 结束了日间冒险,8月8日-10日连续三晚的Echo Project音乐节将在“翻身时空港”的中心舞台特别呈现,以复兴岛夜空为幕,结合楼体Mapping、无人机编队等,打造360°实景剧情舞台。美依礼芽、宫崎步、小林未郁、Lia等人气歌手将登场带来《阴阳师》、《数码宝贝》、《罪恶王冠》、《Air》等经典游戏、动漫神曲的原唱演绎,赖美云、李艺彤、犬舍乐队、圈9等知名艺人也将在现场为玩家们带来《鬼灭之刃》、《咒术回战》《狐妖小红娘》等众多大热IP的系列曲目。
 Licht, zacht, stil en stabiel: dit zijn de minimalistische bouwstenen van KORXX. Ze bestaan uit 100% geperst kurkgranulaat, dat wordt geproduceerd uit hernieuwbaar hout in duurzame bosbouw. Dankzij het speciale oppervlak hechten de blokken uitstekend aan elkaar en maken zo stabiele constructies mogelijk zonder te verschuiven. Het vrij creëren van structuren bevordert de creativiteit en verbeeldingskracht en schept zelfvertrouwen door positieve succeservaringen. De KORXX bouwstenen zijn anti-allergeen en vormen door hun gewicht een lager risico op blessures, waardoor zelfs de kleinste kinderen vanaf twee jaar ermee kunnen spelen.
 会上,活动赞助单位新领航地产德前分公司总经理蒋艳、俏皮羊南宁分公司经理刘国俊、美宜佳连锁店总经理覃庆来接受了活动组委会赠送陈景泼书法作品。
· · ·
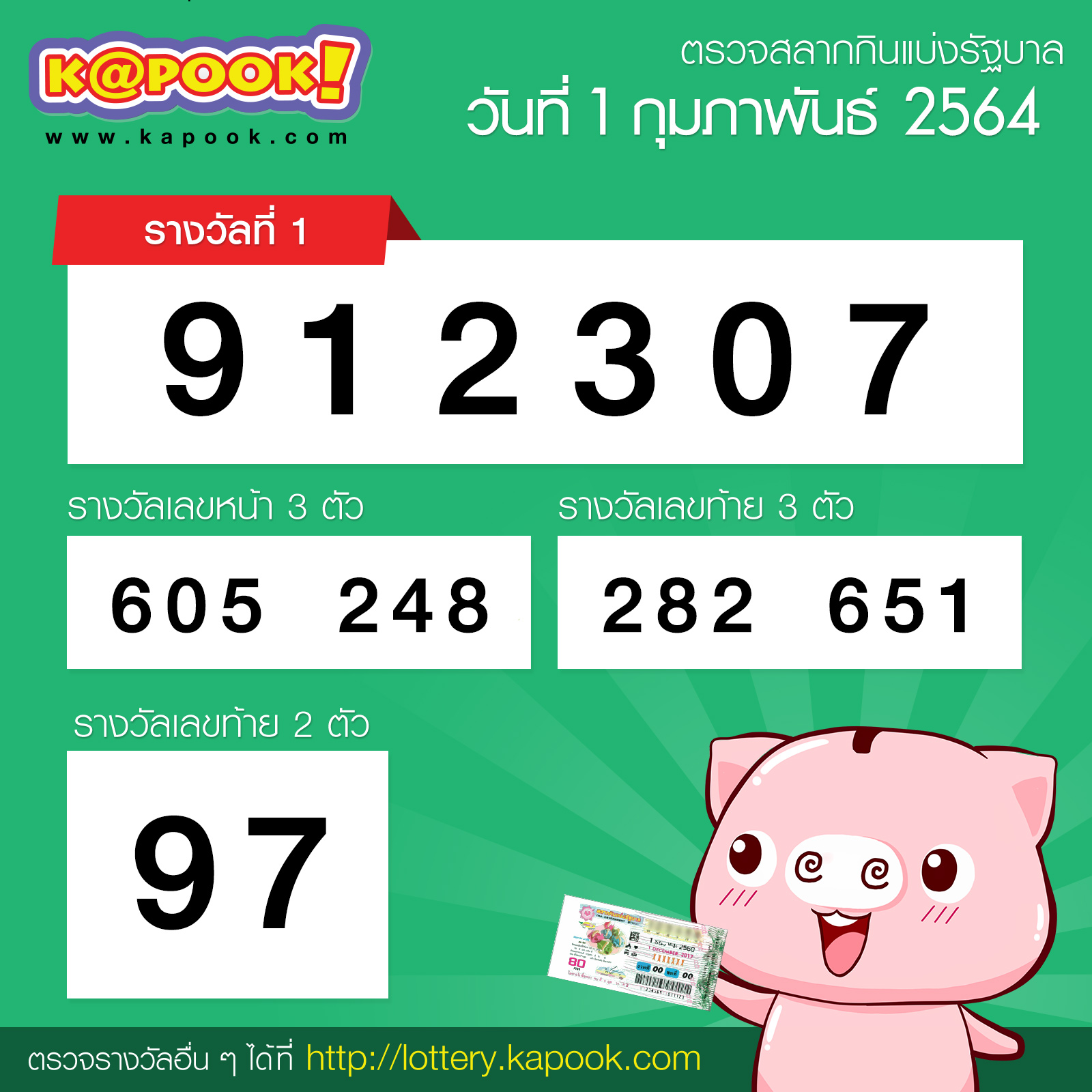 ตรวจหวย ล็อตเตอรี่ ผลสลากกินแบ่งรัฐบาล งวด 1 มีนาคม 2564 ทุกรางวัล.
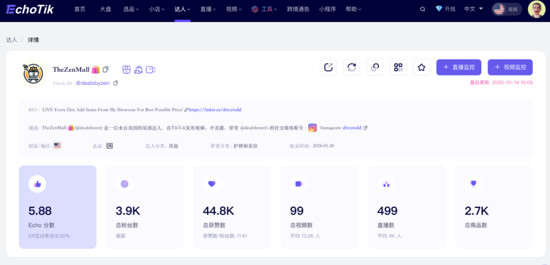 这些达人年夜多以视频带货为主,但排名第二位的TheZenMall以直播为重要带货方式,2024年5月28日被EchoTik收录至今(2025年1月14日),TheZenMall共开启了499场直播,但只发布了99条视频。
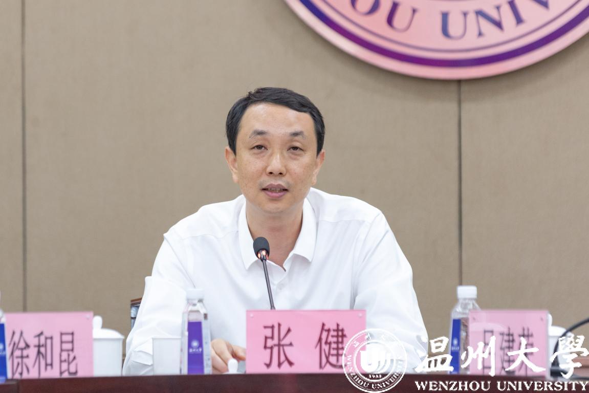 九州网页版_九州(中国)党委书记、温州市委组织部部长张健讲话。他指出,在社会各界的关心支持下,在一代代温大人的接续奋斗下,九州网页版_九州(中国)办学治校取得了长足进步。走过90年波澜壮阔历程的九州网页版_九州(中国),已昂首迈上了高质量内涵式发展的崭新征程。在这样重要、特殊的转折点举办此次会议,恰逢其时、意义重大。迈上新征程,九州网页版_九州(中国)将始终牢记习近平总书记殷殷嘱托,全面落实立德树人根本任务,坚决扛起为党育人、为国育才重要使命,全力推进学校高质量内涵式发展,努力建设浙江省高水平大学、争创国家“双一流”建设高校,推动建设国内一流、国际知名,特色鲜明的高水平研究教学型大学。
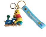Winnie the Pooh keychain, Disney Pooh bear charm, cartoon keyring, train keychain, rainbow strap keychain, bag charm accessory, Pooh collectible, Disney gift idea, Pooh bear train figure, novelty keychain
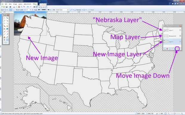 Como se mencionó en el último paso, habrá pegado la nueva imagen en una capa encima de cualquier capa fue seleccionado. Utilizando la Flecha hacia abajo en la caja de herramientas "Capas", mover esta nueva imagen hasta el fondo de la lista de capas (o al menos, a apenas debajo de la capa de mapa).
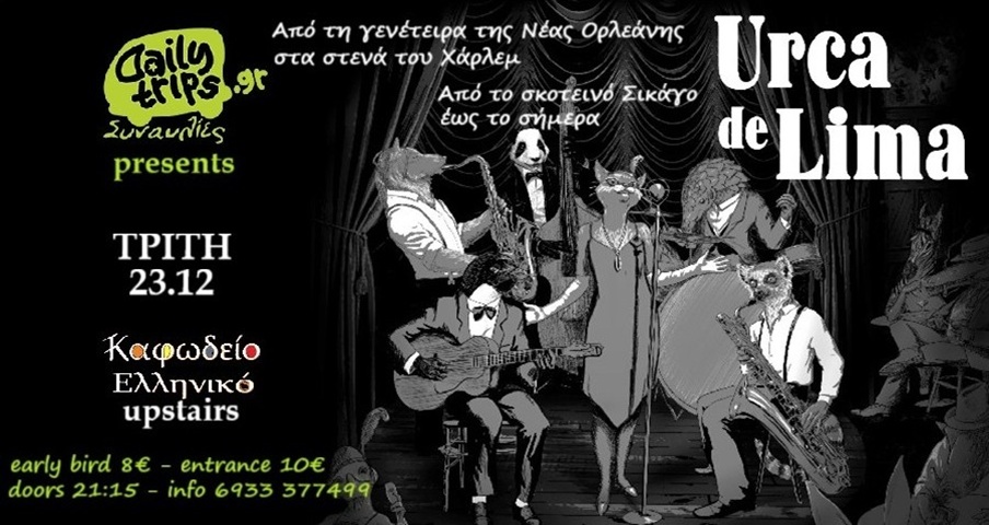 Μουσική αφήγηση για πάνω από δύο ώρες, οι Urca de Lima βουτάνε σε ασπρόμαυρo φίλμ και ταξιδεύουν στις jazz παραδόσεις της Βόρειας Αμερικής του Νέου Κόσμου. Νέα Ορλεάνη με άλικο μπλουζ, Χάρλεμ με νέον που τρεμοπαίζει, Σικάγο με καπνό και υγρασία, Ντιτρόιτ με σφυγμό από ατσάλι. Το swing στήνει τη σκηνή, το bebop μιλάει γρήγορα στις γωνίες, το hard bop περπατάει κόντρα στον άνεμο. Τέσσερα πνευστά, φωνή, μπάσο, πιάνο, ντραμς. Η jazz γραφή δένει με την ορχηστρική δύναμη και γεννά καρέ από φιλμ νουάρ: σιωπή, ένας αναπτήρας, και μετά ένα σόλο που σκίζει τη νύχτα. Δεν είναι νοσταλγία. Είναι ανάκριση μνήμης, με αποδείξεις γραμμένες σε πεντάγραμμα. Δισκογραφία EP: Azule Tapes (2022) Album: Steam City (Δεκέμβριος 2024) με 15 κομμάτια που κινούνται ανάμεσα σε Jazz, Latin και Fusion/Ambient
· · ·
▶ [Work task] Go down the entries above from the line containing "ตรวจหวย ล็อตเตอรี่ ผลสลากกินแบ่งรัฐบาล" to the line containing "Como se mencionó" and write out each line exactly, leaving pictures out.

▶ [Written response]
 ตรวจหวย ล็อตเตอรี่ ผลสลากกินแบ่งรัฐบาล งวด 1 มีนาคม 2564 ทุกรางวัล.
 这些达人年夜多以视频带货为主,但排名第二位的TheZenMall以直播为重要带货方式,2024年5月28日被EchoTik收录至今(2025年1月14日),TheZenMall共开启了499场直播,但只发布了99条视频。
 九州网页版_九州(中国)党委书记、温州市委组织部部长张健讲话。他指出,在社会各界的关心支持下,在一代代温大人的接续奋斗下,九州网页版_九州(中国)办学治校取得了长足进步。走过90年波澜壮阔历程的九州网页版_九州(中国),已昂首迈上了高质量内涵式发展的崭新征程。在这样重要、特殊的转折点举办此次会议,恰逢其时、意义重大。迈上新征程,九州网页版_九州(中国)将始终牢记习近平总书记殷殷嘱托,全面落实立德树人根本任务,坚决扛起为党育人、为国育才重要使命,全力推进学校高质量内涵式发展,努力建设浙江省高水平大学、争创国家“双一流”建设高校,推动建设国内一流、国际知名,特色鲜明的高水平研究教学型大学。
Winnie the Pooh keychain, Disney Pooh bear charm, cartoon keyring, train keychain, rainbow strap keychain, bag charm accessory, Pooh collectible, Disney gift idea, Pooh bear train figure, novelty keychain
 Como se mencionó en el último paso, habrá pegado la nueva imagen en una capa encima de cualquier capa fue seleccionado. Utilizando la Flecha hacia abajo en la caja de herramientas "Capas", mover esta nueva imagen hasta el fondo de la lista de capas (o al menos, a apenas debajo de la capa de mapa).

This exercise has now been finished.